Within months, oil companies were scaling back. Project developments were postponed, operations were halted, and workers were laid off. As the price per barrel continued to fall, with no sign of a rebound, some companies went to the wall.
Since then, global oil prices have remained in a constant state of flux. A bounce followed by a fall. Everyone in the industry has been forced to operate on shifting sands.
For the companies that survived, it became a case of adapt or die. The industry needed to strategise, to figure out how to cut costs while boosting production efficiency. It had to decide how it could maximise profits while the price of oil plummeted to historic lows.
It meant that oil and gas producers were faced with a paradox: new technologies could benefit operations by optimising efficiency, but the low price of oil created a risk-averse environment which restricted investment.
Today, as technology continues to revive, rejuvenate and reshape legacy industries, oil and gas operators have once again started to invest in the future. With prices somewhat stable around the $60 per barrel mark, experts and analysts believe the industry is in the throes of a technological revolution.

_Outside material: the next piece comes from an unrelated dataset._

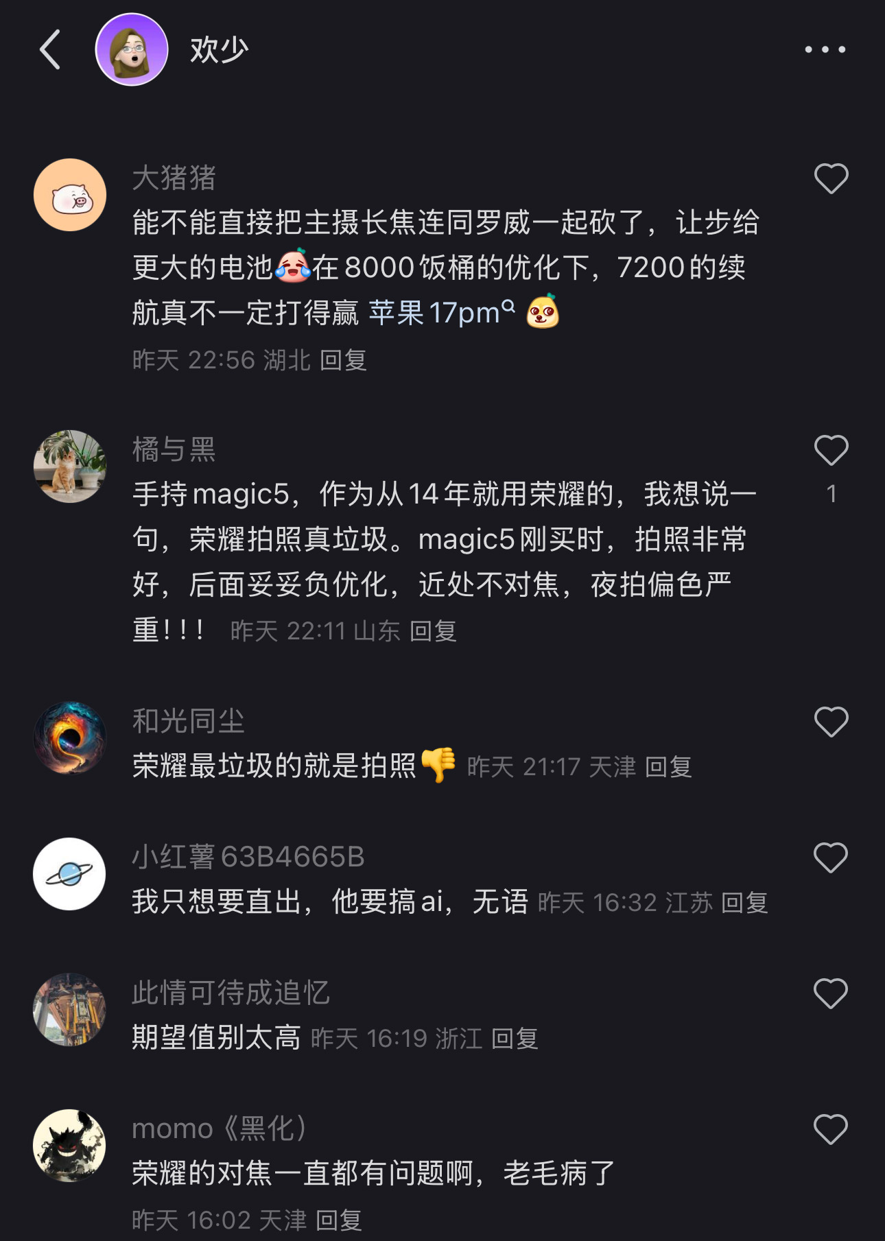 重视用户反馈并及时改善和解决问题,管理好员工言论,是荣耀迫切需要提升的。手机影像赛道,建议荣耀还是先扎实做好“小王”再喊“大王”吧。
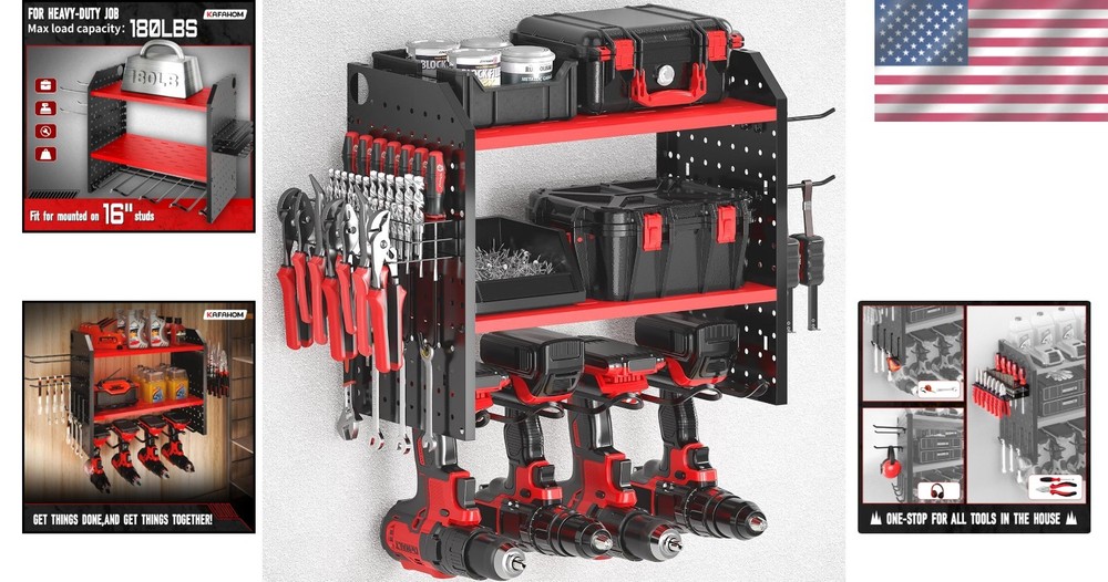 Power Tool Organizer - Wall-Mount Drill Holder & 12 Hook Storage Rack ‹ › ‹ › ‹ › ‹ › ‹ › ‹ › ‹ › ‹ › Power Tool Organizer - Wall-Mount Drill Holder & 12 Hook Storage Rack Quality Features: Exceptional craftsmanship with high-quality materials ensuring durability and longevity. Robust structural design for ample support and stability, making it perfect for heavy power tools. Ideal storage solution for multiple pieces of equipment. Compact Size: 16.7" width fits perfectly in garages, workshops, or studios. Practical add-on for walls with limited space. Four storage rack units to keep your essential tools organized and accessible. Highly Flexible: Adjustable middle plate with 6 height settings for tool customization. Made of cold-rolled steel (SPCC) for durability in heavy-duty tasks. Flat thickened steel tube designed to support various power tools comfortably. Bonus Feature: Side tray holds up to 30 drill bits, 7 pliers, and 7 screwdrivers for added convenience. Includes 4 long hooks and 8 curved hooks for efficient hanging storage. Ideal gift for men on Christmas or Father’s Day - keep it out of of little ones. Why Choose Our Power Tool Organizer? Transform your workspace with our Power Tool Organizer, where exceptional craftsmanship meets innovative design. With a compact size tailored for space-conscious areas, adjustable features to accommodate various tools, and additional storage solutions for small items, this organizer ensures you get the most out of your workspace. Our commitment to customer satisfaction means you can trust us for a seamless experience – money-back guarantees, free returns, and 24/7 support demonstrate our dedication. Declutter your workspace in style and efficiency; order your Power Tool Organizer today! Shipping Free & Fast Shipping - We offer free shipping to most of the USA with a normal delivery time of 3-7 days. However, due to the current situation, additional delivery time (up to 3 weeks) may be required for some items. Alternative Carriers - We may use alternative carriers (e.g. USPS, FedEx, UPS, etc.) to ensure your package arrives safely and on time. Due to the use of multiple carriers, we are unable to provide a tracking number automatically. Handling Time - Orders are processed and shipped within 1-2 business days of receiving cleared payment. Shipping Restrictions - Shipping to Alaska, Hawaii, Puerto Rico, Guam, and other US territories may incur shipping charges or delivery restrictions. Please contact us before ordering, or your order can be refunded/cancelled. State Restrictions - There may be restrictions based on your state of purchase. For example, certain items may not be shipped to California due to state regulations. Contact for Tracking Updates - If you require tracking updates or have any concerns about the delivery of your order, please feel free to contact us, and we will be happy to assist you. Return 30-Day Hassle-Free Returns - We want you to be completely satisfied with your purchase. If you are not, you can return the item within 30 days of receiving it for a full refund or exchange. Easy Return Process - To start a return, simply contact us and we will provide you with a prepaid return shipping label and detailed instructions. Restocking Fee - There are no restocking fees for returns. However, the buyer is responsible for return shipping costs if the return is not due to a seller's error. Refund Processing Time - Refunds will be processed within 5 business days of receiving the returned item in its condition. Payment We accept all major credit cards, PayPal, and Apple Pay for your convenience. Your payment information is secure and encrypted to ensure a safe and seamless transaction. Please complete your payment within 3 days of purchase to avoid any delays in shipping. Feedback Your feedback is extremely important to us. We strive to provide the best products and customer service possible. If you are satisfied with your purchase, please take a moment to leave us a positive review. If you have any concerns or issues with your order, please contact us before leaving negative feedback. We are committed to resolving any problems and ensuring your satisfaction. Contact Us If you have any questions or concerns, please feel free to out to our customer support team. You can contact us through the eBay messaging system. We are available Monday to Friday, 9:00 am to 5:00 pm EST, and we will do our best to respond to your inquiry within 24 hours. Buy it now and enjoy a pleasant shopping experience! Item Weight: 4.5 Kilograms Type: Details In Description Material: Iron Color: 4 Drill Holders Red

The Internet of Things (IoT) is changing the oil and gas industry, as operators adopt everything from industrial computing applications to communication networks and cloud services. While it may still be slow in comparison to other industries, it’s now witnessing a rapid digital transformation.
The general consensus among analysts is that producers are unlikely to ever see a return to pre-2008 prices. So, to survive in the era of cheap oil, companies will need to invest more and more in technologies such as artificial intelligence (AI), distributed acoustic sensing (DAS) and automation.
It’s imperative that the industry capitalise on the business and production intelligence that such technologies offer. Oil and gas companies are no stranger to big data, pioneering it’s use in the 1980s and the 1990s. But to stay on top of production – and to gain a greater insight into the status of their assets – companies should be combining technologies such as AI, DAS and cloud computing to deliver efficiencies throughout their operations.
The truth is that the oil and gas industry is well suited to digital transformation. For many producers – especially the “Big Oil” supermajors – the data derived from digital technologies can provide unprecedented information into extended supply chains that span multiple territories, countries and continents. The access to such insights can inform strategic decision-making and support global business strategies – highlighting new opportunities for production growth and capital investment.
This is a welcome boost for an industry wary of fluctuating market prices and its impact on profit margins. The faster oil and gas producers integrate digital technologies into their operations, the further they can reduce costs, enhance performance efficiencies and boost production. For an industry that suffered a severe downturn in 2008, the coming of a second digital age could finally spark an upturn.